# Mileage change to 999,999 when battery dies?



## eurostyle4lyfe (May 7, 2012)

Of course right before waterfest car dies today and mileage sets forward to 999,999 wtf do I do. Never seen this before. Its a 2006 225q.c. That has 19,xxx original miles. Please help let me know what to do and should I no longer drive the car so it does go up at all. For some info car drove me to work say for 8 hrs and got me right bac home after without a problem. At home is when it died once I parked it. Pleaseee help idk if in can drive her at all and especially to waterfest on sun.? Lastly airbag was on two days ago idk car had not a single light but im assuming battery was going which is why and now lead to this mileage prob two days later meaning today.


----------



## eurostyle4lyfe (May 7, 2012)

Anyone know what to do????


----------



## lite1979 (Sep 9, 2005)

Unfortunately, this is the result of a faulty gauge cluster. You can either deal with it, or buy a new/used one. You should be fine to drive it, though. Seems to happen to variety of makes/models on a sporadic basis.


----------



## TTC2k5 (May 23, 2008)

lite1979 said:


> Unfortunately, this is the result of a faulty gauge cluster. You can either deal with it, or buy a new/used one. You should be fine to drive it, though. Seems to happen to variety of makes/models on a sporadic basis.
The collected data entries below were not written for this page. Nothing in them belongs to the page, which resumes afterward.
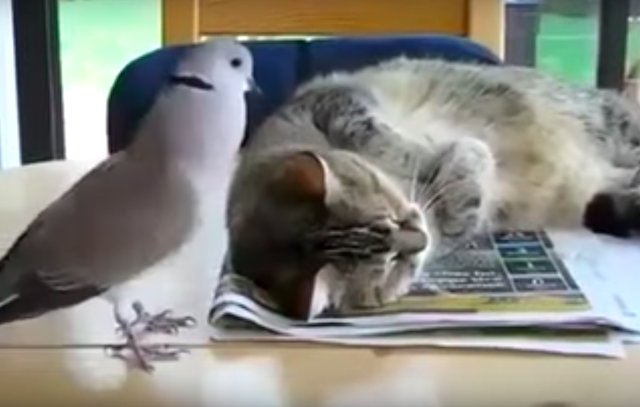 お昼寝の邪魔だにゃ!! ねこさんにイタズラしたいハト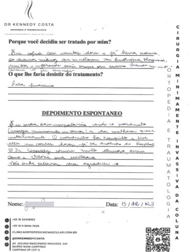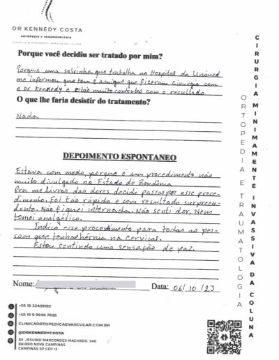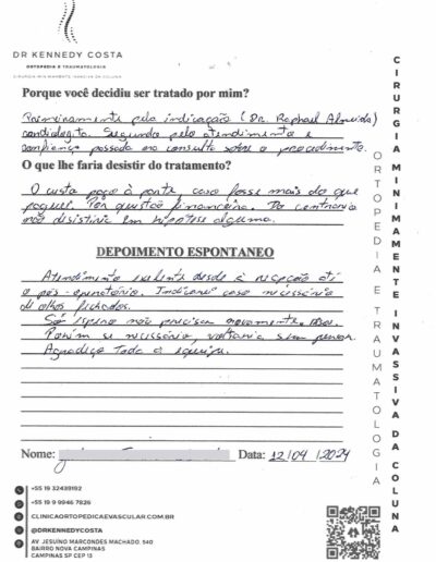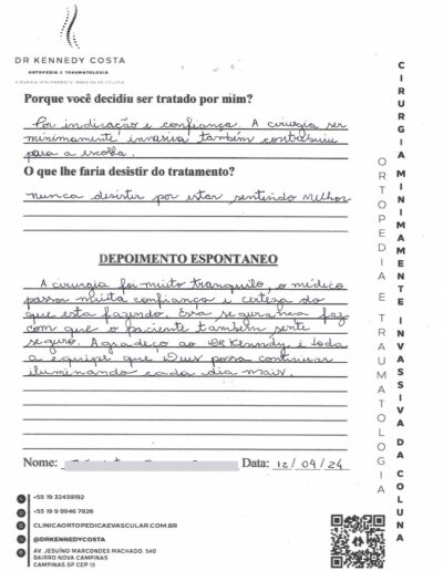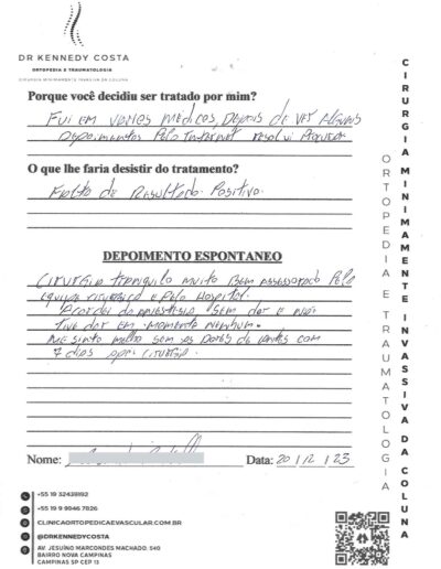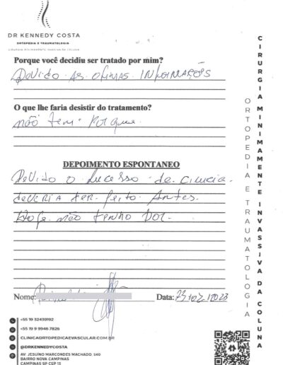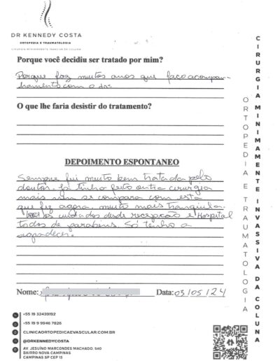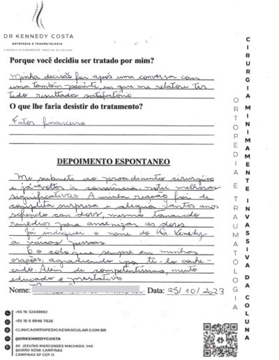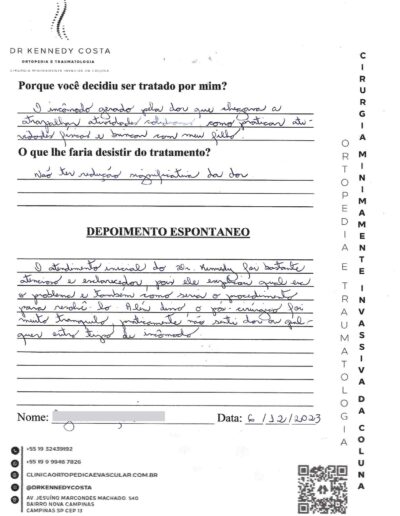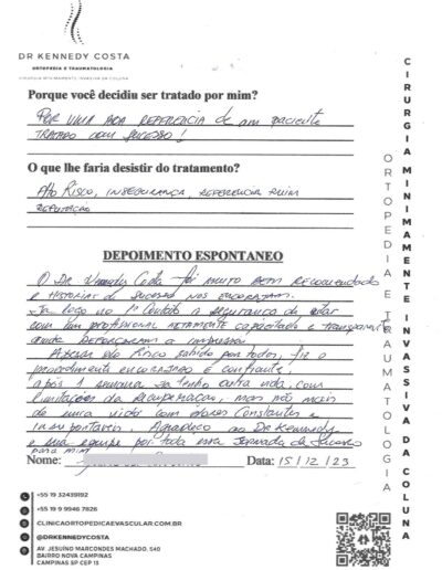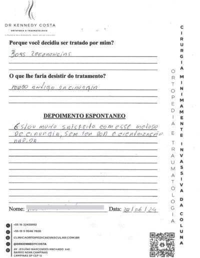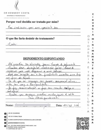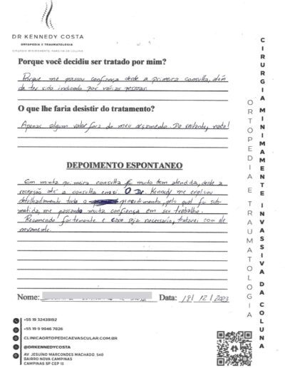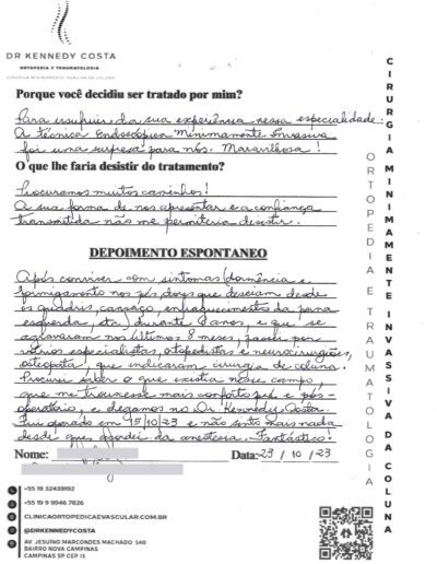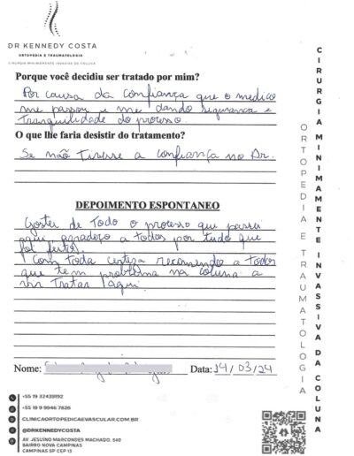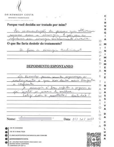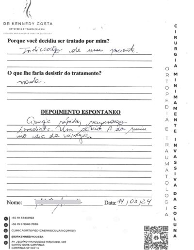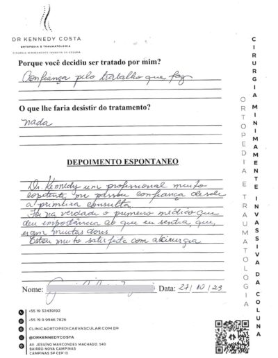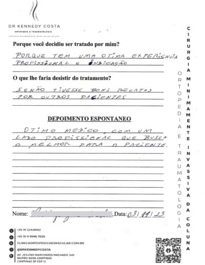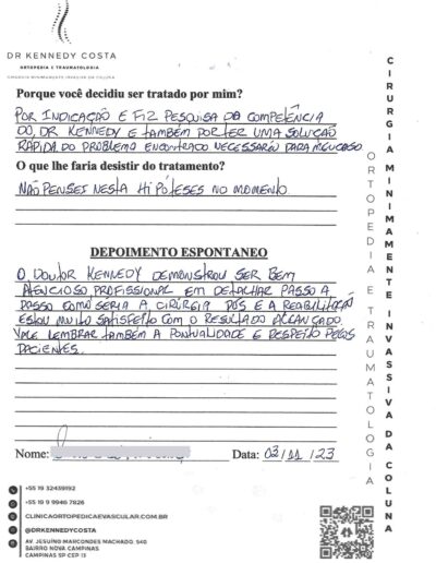 Notando-se excelente atendimento na consulta do Dr. Kennedy, e suas recepcionistas, avaliou os exames que havia trazido, e nos falou das hérnias, que na outra clínica nem citaram, só falaram da estenose.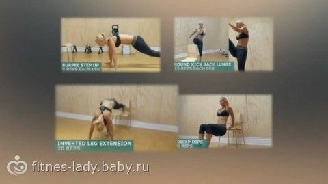 1) Бурпи с подъемом на ступеньку — по 5 шагов на каждую ногу. Поставьте стул под стену, чтобы он был более устойчивым, станьте напротив стула и выполните бурпи. В прыжке примите позицию в упоре лежа, держите тела прямо, выполните отжимание, прыжок вперед, прыжок вверх, станьте напротив стула, станьте одной ногой на стул и поднимитесь. У вас получится 5 шагов на правую ногу и 5 на левую. Все время держите спину ровно и пресс напряженным, плечи назад.

first I've heard of this on the TT. possibly just the readout and once the guage cluster is fixed, the proper mileage will be displayed. i'd raise the issue/document it with my local dealer, then AoA, as 999,999 miles would significantly drop the value of the car.

cheers.


----------



## eurostyle4lyfe (May 7, 2012)

lite1979 said:


> Unfortunately, this is the result of a faulty gauge cluster. You can either deal with it, or buy a new/used one. You should be fine to drive it, though. Seems to happen to variety of makes/models on a sporadic basis.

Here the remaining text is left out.